That's a couple of big ifs, but even so, unless you have purchased a house as an investment with the intention of renting it out, this is another one of the rationalizations that prospective home buyers use to convince themselves that they're making a smart decision.

As I noted in one of my other comments, many home buyers know very little about the local market they've bought in to. Professional investors and major institutions have purchased hundreds of thousands of homes across the country that they are planning/trying to stabilize and rent out. To my knowledge, Blackstone owns more than 26,000, American Homes 4 Rent owns around 14,000 and Silver Bay Realty Trust owns more than 5,000. These are just a few of the major players. There are countless other smaller players, some of them foreign, doing the same thing on a smaller scale.

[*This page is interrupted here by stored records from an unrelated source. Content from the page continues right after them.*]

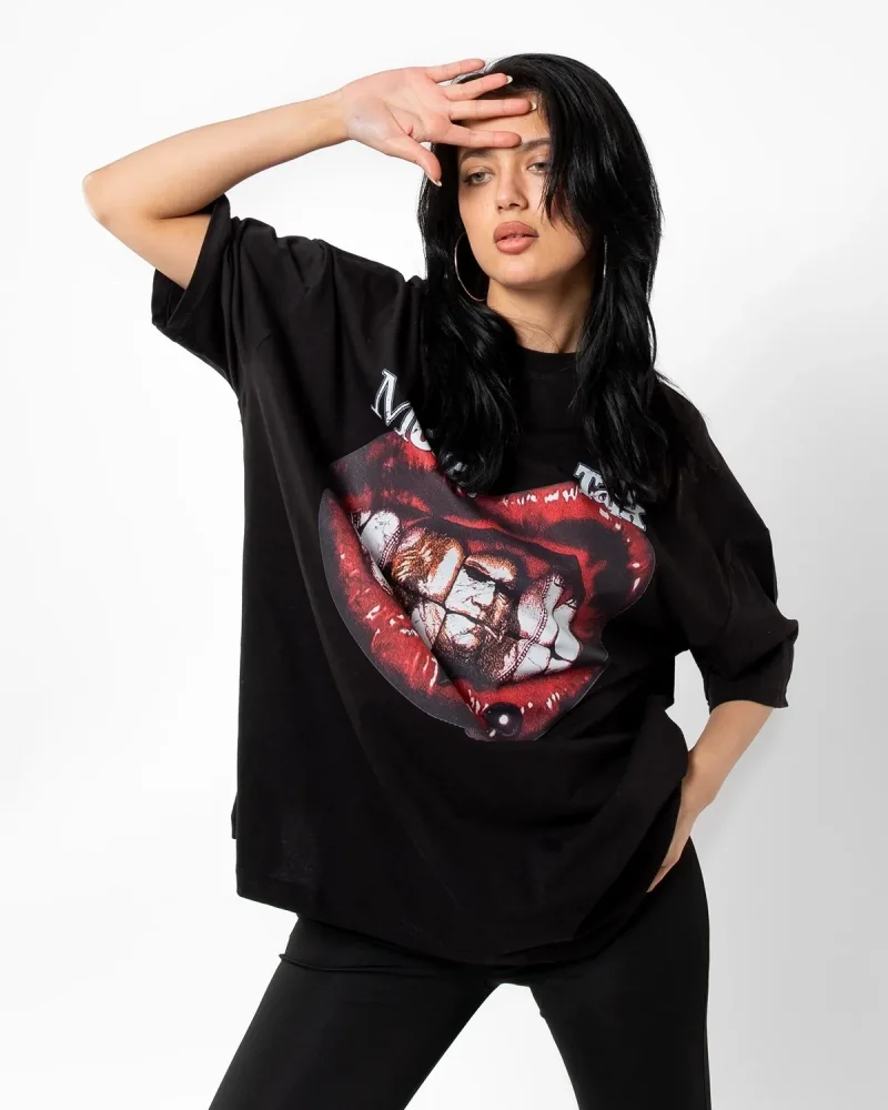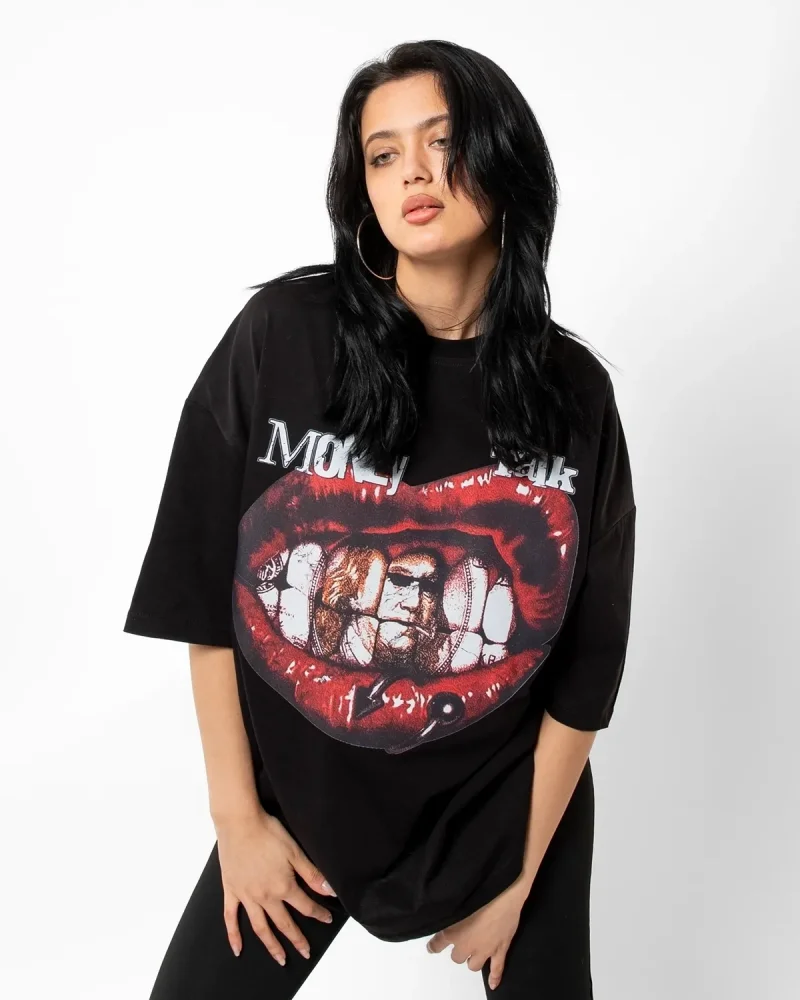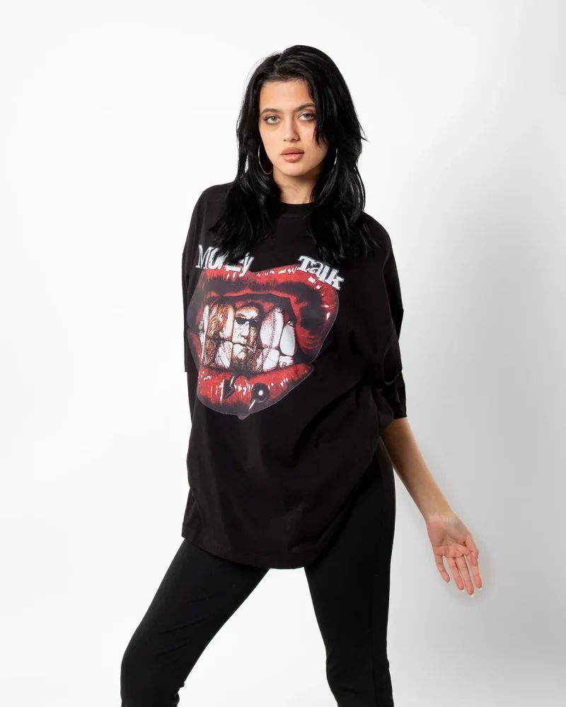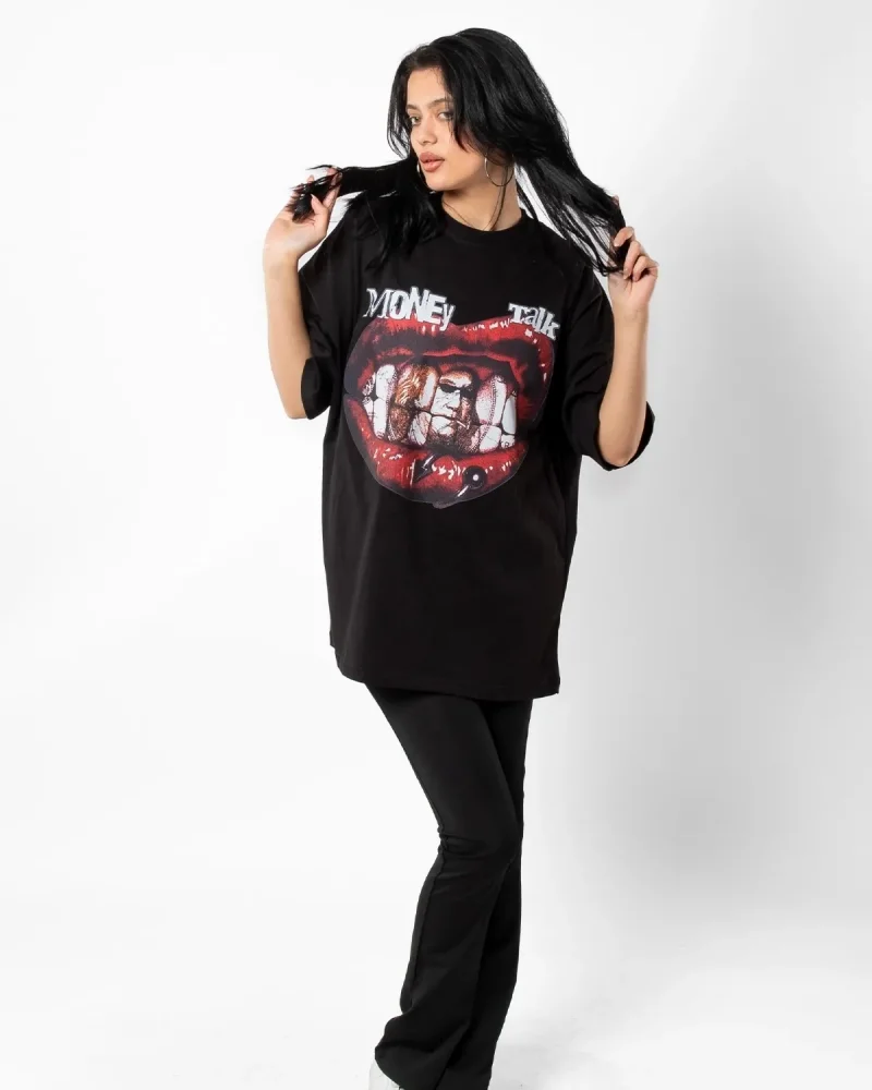 Money Talk Baskılı Siyah Oversize Unisex Tshirt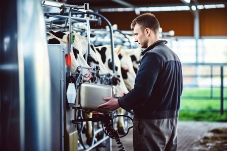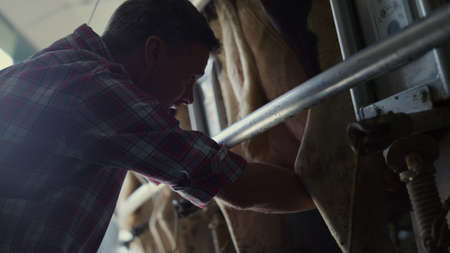 Farm worker checking milking automat on mechanical livestock facility. Focused man ranch employee inspecting work milk production system in automatic barn. Modern technology in agro manufacture.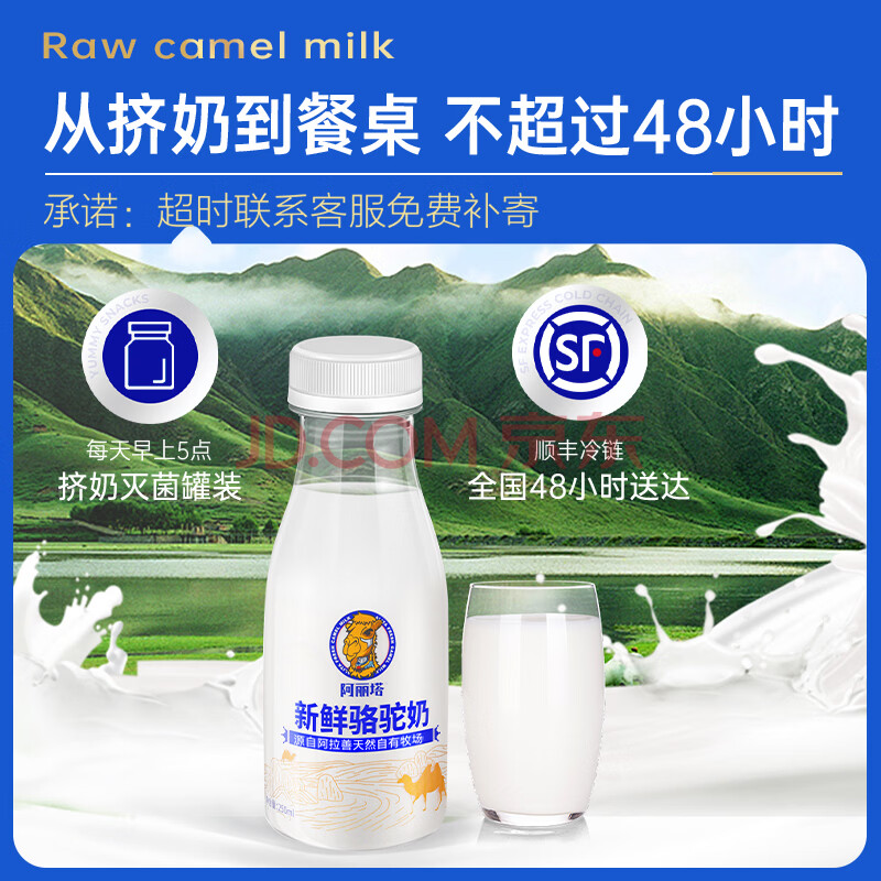 商品相册:阿丽塔纯骆驼奶鲜驼奶0蔗糖孕妇儿童中老年成人 鲜奶250ml*6瓶 源头直发第1张/共5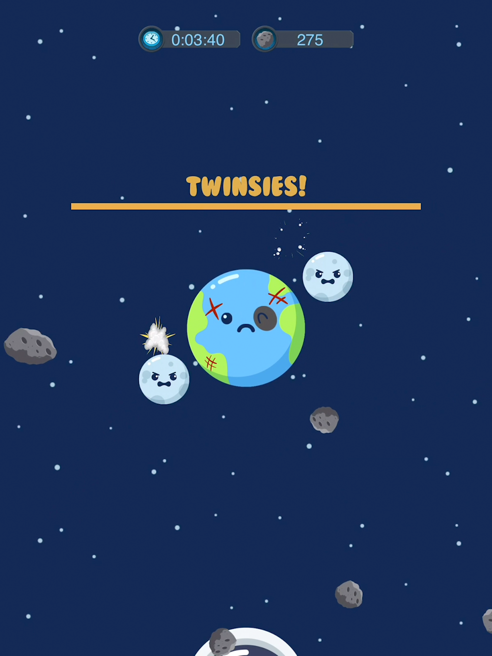 - Twinsies: Two Moons are better than one! Another Moony appears and helps block asteroids.

It's quite sensible to question the impact this will have on rents in the areas where this activity is most prevalent as the homes are stabilized and rental inventory increases. And one should not ignore the impact these purchases have had on housing prices in these areas.

Net-net: assuming you're comfortable being a landlord, which can be a trying job with even a single property, market conditions and trends vary so significantly that it's simply not credible to state "you can always rent out your house instead of selling it." Heck, as a lot of people found out not too long ago, at times it can be impossible to do either.


I've done just that. My wife an I bought our house 4 years or so ago. House payments including all the interest and accompanying costs were lower if we wanted to rent a smaller crappier house in the same location at the time. Now we are moving countries and renting our place. Rent we are asking for is 50-60% higher than the costs we have and have so many people interested we may just up the rent a bit.

But I do have some experience renting places as my family has a few properties they rent and I used to manage a lot of the related work.


I would absolutely not state, free of context, "you can always rent out your house instead of selling it." The context was being priced out of the market, in addition to the the mobile employment caveat (which I agree is a big if, but if your job is tied to the region and you can't afford to live there you're boned regardless).


> you can always rent out your house instead of selling it

Even if you lose a little on the rent, somebody else is now paying for your mortgage and you can enjoy a cheaper apartment elsewhere. Or if you've earned enough, just buy a second house. Mortgages aren't so hard to come by even these days that it's outside the realm of the possible.


> This logic is fundamentally flawed.

In my experience it's rarely worth appealing to logic when discussing home ownership. It's just such an emotional subject that rational debate is often hard to come by.

1. Many home buyers make purchases with relatively little knowledge of their local real estate markets. For instance, in some areas heavily hit by the crash, you can find buyers who don't know that a considerable amount of the local sales activity has been driven by individual speculators and institutional buyers who are attempting to rent out the homes they purchase. They might be on a block where a double-digit percentage of the houses are rentals and not even know it or recognize how this could affect them.

2. Many people don't actually run the numbers for themselves so they can't intelligently weigh the cost of renting versus the total cost of home ownership and the potential gain or loss if/when the house is sold, an event that could be a decade or more away. At best, they do back of the envelope math and where assumptions are required, use a single set of assumptions that is favorable to the decision they have already made.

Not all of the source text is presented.